▶ _Prompt_: If a picture appears in the records below, drop it, and reproduce everything else exactly.
****************
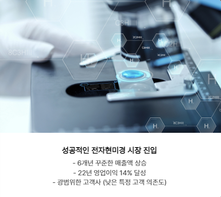 - 탁상형 SEM 제품군은 핵심 성능인 높은 배율과 합리적인 가격 등으로 세계 최고 수준의 경쟁력을 확보했다는 평가입니다.
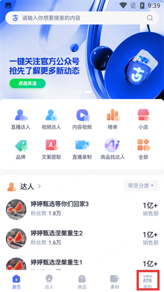 1、進入首頁后,可點擊【點擊關(guān)注】官方公眾號,查看【直播達人】等功能,再點底部【我的】進入對應(yīng)頁面。
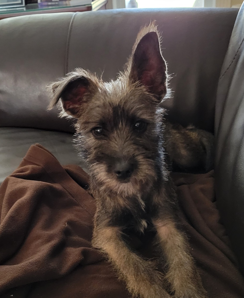 We adopted Cinder from Camo in October 2022. She is full of energy! She loves her toys, taking walks, and playing in the yard. She always wants to be wherever we are for snuggles and belly rubs. We are so thankful for her!
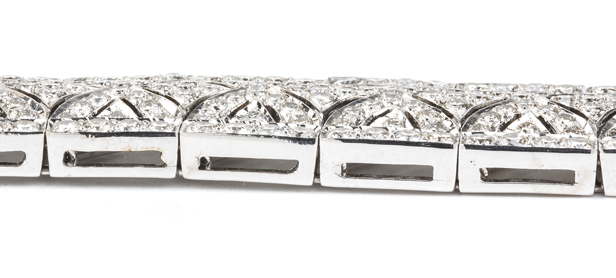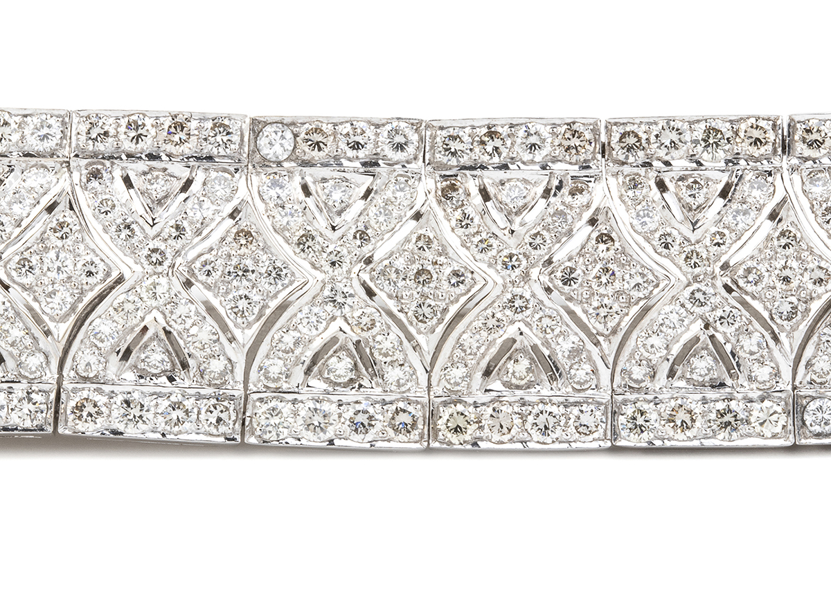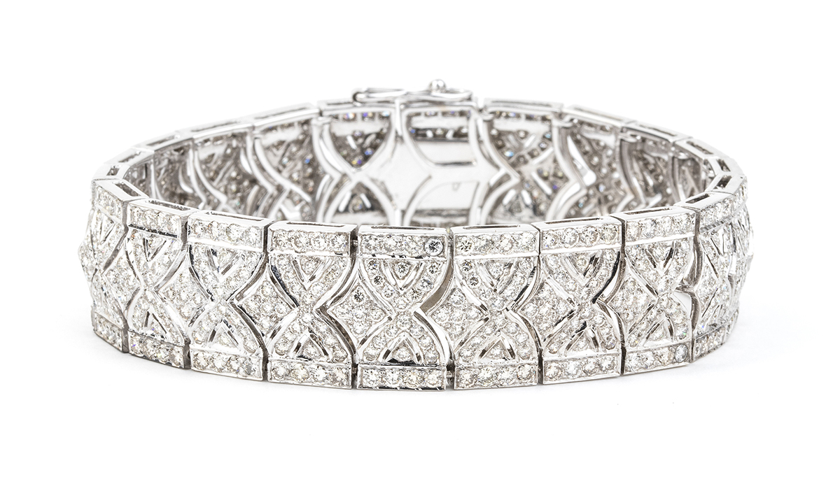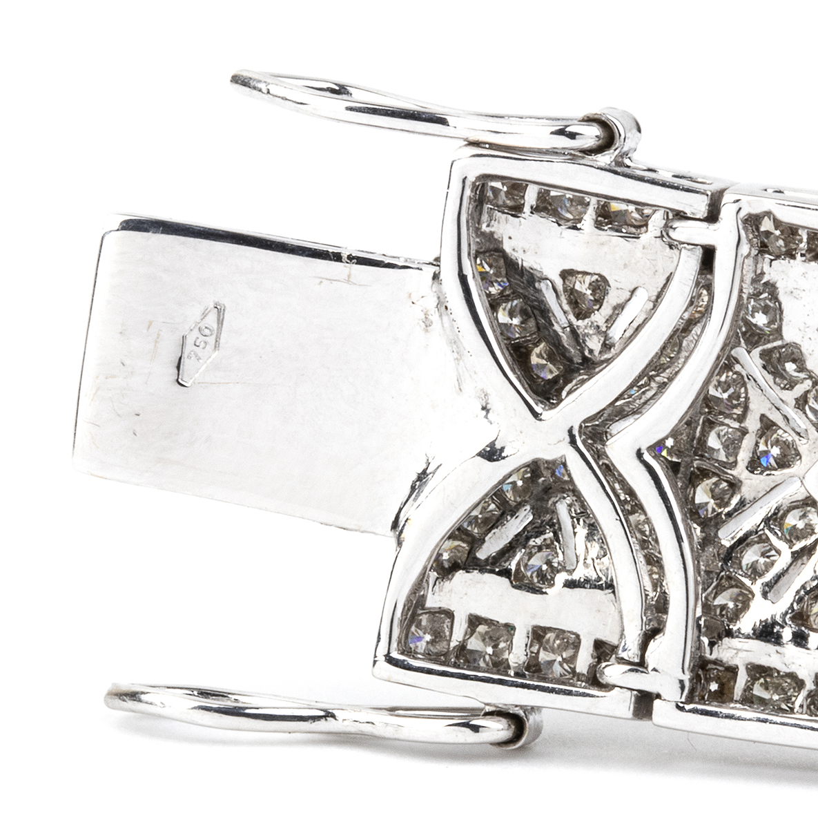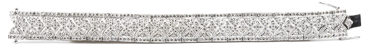 oro bianco 18k, modellato come un sosttile nastro a maglie snodate, traforate ed incastonate con pavé di diamanti taglio brillante 9,00 ct circa, G-I, VVS -VS. Punzonato "750".
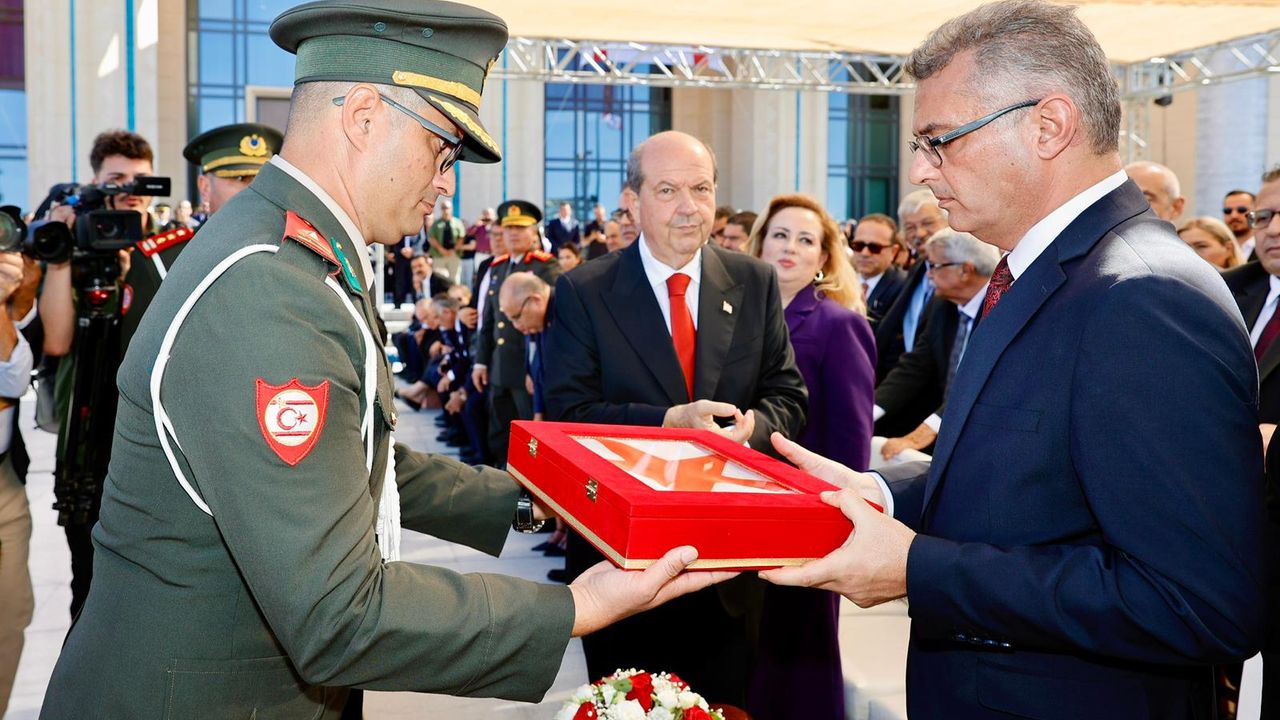 Konuşmaların ardından Cumhurbaşkanlığı forsu gönderden indirilerek Erhürman’a takdim edildi, yeni Cumhurbaşkanlığı forsu göndere çekildi.
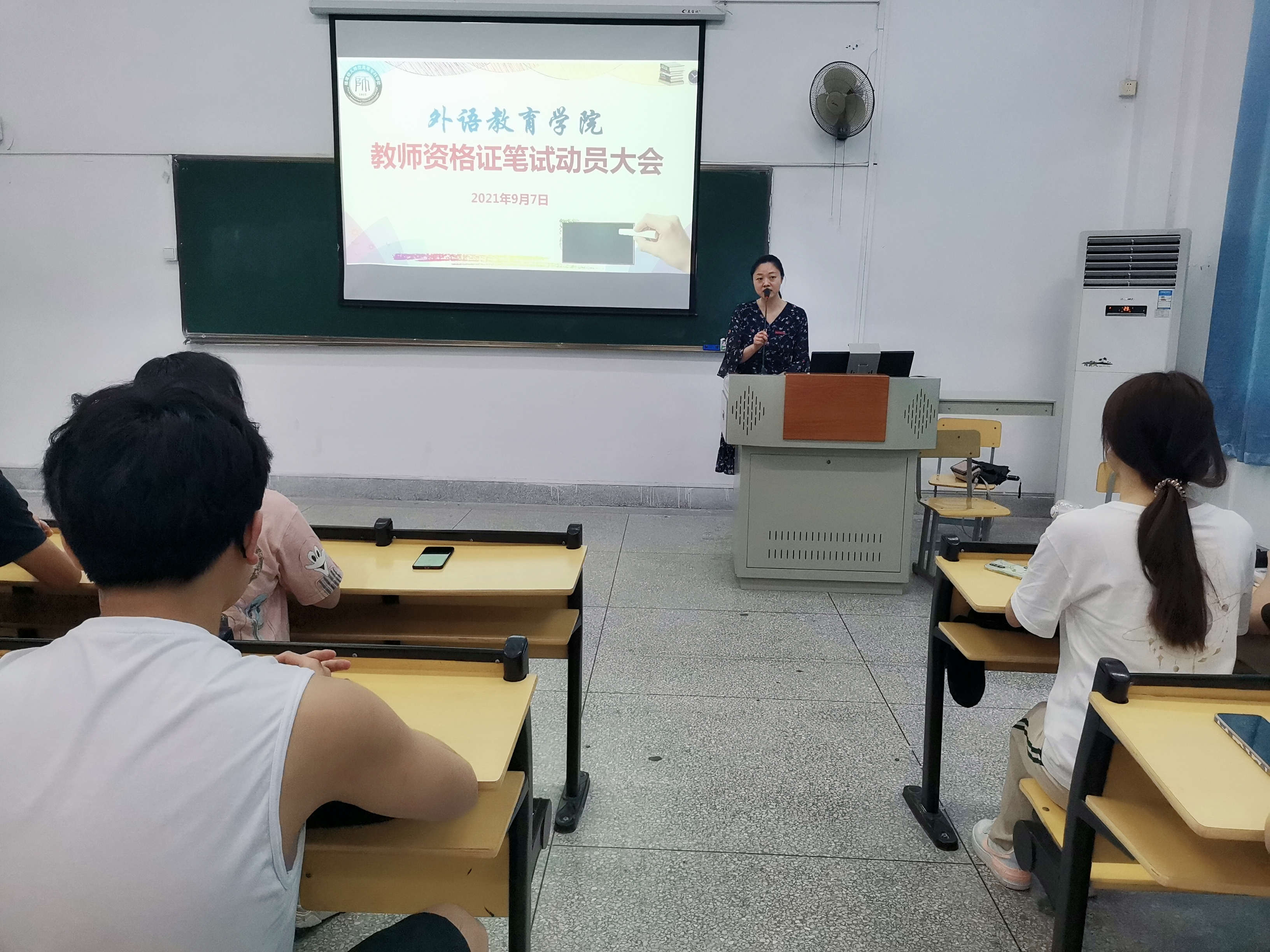 9月7日上午,外语教育学院为19级英语教育专业学生召开教师资格证笔试动员大会。陈文华副院长首先肯定了教资辅导小组教师以及19级全体学生在假期为备考付出的努力。叶一青副院长从教资笔试的重要性以及目前的就业形势等几方面为19级学生作了动员讲话。随后,教资辅导专项小组组长张小莉老师为学生做了考前具体辅导安排。
****************
▶ _Output for this exercise_:
 - 탁상형 SEM 제품군은 핵심 성능인 높은 배율과 합리적인 가격 등으로 세계 최고 수준의 경쟁력을 확보했다는 평가입니다.
 1、進入首頁后,可點擊【點擊關(guān)注】官方公眾號,查看【直播達人】等功能,再點底部【我的】進入對應(yīng)頁面。
 We adopted Cinder from Camo in October 2022. She is full of energy! She loves her toys, taking walks, and playing in the yard. She always wants to be wherever we are for snuggles and belly rubs. We are so thankful for her!
 oro bianco 18k, modellato come un sosttile nastro a maglie snodate, traforate ed incastonate con pavé di diamanti taglio brillante 9,00 ct circa, G-I, VVS -VS. Punzonato "750".
 Konuşmaların ardından Cumhurbaşkanlığı forsu gönderden indirilerek Erhürman’a takdim edildi, yeni Cumhurbaşkanlığı forsu göndere çekildi.
 9月7日上午,外语教育学院为19级英语教育专业学生召开教师资格证笔试动员大会。陈文华副院长首先肯定了教资辅导小组教师以及19级全体学生在假期为备考付出的努力。叶一青副院长从教资笔试的重要性以及目前的就业形势等几方面为19级学生作了动员讲话。随后,教资辅导专项小组组长张小莉老师为学生做了考前具体辅导安排。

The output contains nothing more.